Moore joins in honoring veterans

Published 12:00 am Thursday, November 17, 2005

Former Alabama Chief Justice and Republican candidate for governor Roy Moore was the featured speaker at Crenshaw Christian Academy’s Veterans Day ceremony in Luverne on Thursday.

Moore, a decorated veteran of Vietnam and graduate of West Point Military Academy, layered Biblical and historical references throughout his speech and painted a grim picture of the United States’ future. Moore said if the country continues to turn its back on God then the US would go the way of other nations.

Mainly, he said, a country founded under God, would cease to exist.

“All nations have ended at some point,” he said. “I’m not saying it’s going to happen in a short time, but it may happen 1,000 years from now. Rome lasted 500 years but fell because of departure from its principals. We’re losing our morality.”

He said those who look back after the United States’ fall would ask: “Did they forget God?”

Retired Alabama Supreme Court Justice Terry Butts introduced Moore. Butts led Moore’s legal team in the fight to keep a monument bearing the Ten Commandments in the state’s judicial building.

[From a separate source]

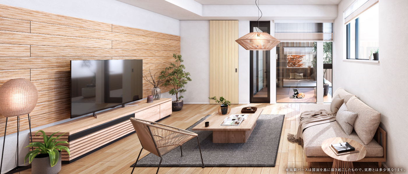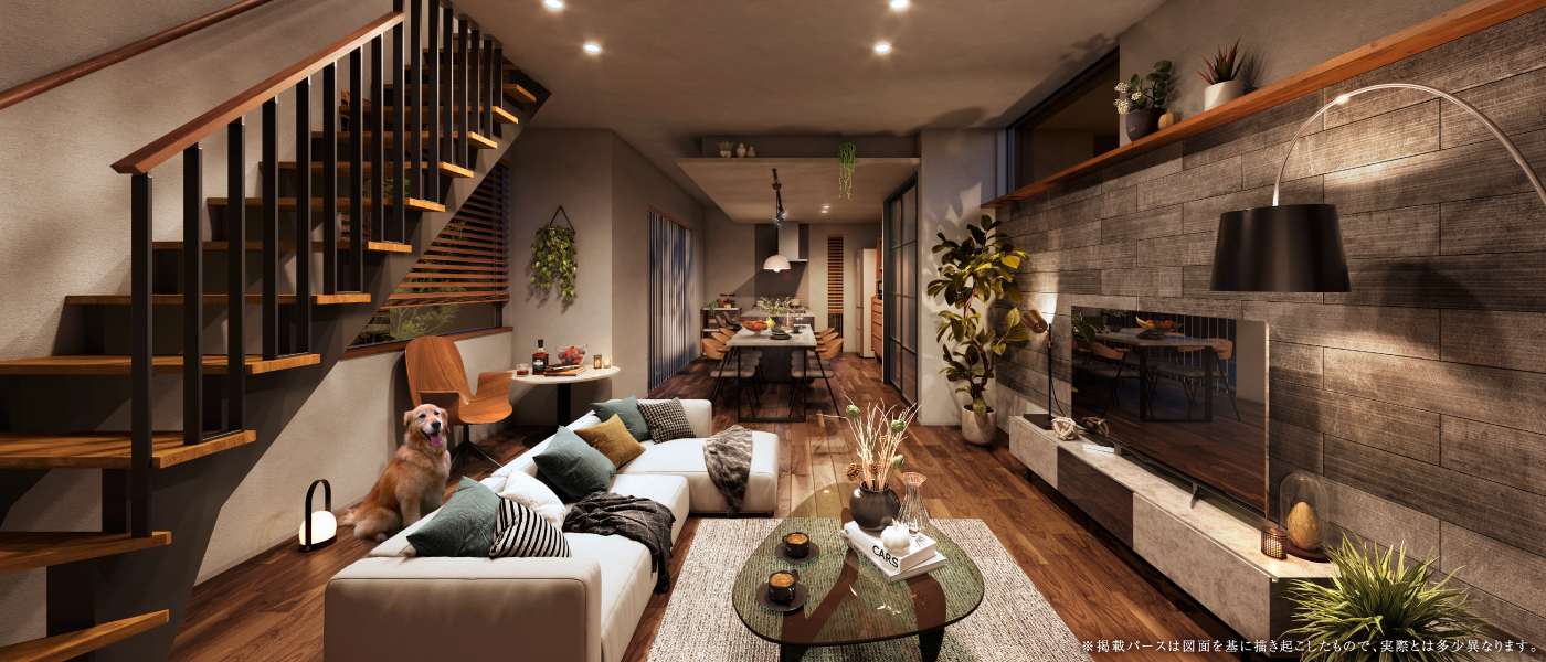 日本の伝統的な家屋のようなデザイン性の高いLDKと外とつながる魅力に溢れた住まい

Moore, Butts said, was “steeled in the fires of Vietnam” and he openly criticized the print media for not better referencing Moore’s military background and service to his country.

Moore agreed that his military service has not been well publicized, but wouldn’t comment on the media’s fairness toward him as a political candidate.

And while early polls show incumbent Gov. Bob Riley leading Moore among Republicans, Moore said he wouldn’t discuss the polls.

“We don’t talk about polls,” he said. “The only poll that matters is the one in July. And we’ll win that one.”

Moore honored the Veterans in attendance, and said, “we can never dispute the efforts of our armed forces.”

Mike Green, a pastor and resident of Luverne, said he believed Moore is a “Godly man” and was a “great candidate for governor.”

But he declined to say if Moore had his vote or not.

“I can’t say. Voting is something I believe is personal,” he said. “Gov. Riley is a great candidate as well. It’s a choice the State of Alabama is going to have to make.”

Moore attacked both evolution and abortion during his speech and said he wants to defend the rights of teachers and public officers to acknowledge God as the foundation of moral law.

In a distributed flyer, entitled “Return Alabama to the People,” Moore outlines his stand on other issues, including his desire to eliminate the power of special interest lobbyists in the state legislature, halt the flow of illegal aliens in Alabama by holding businesses who employ them financially responsible, and bring a conservative philosophy back to the state government.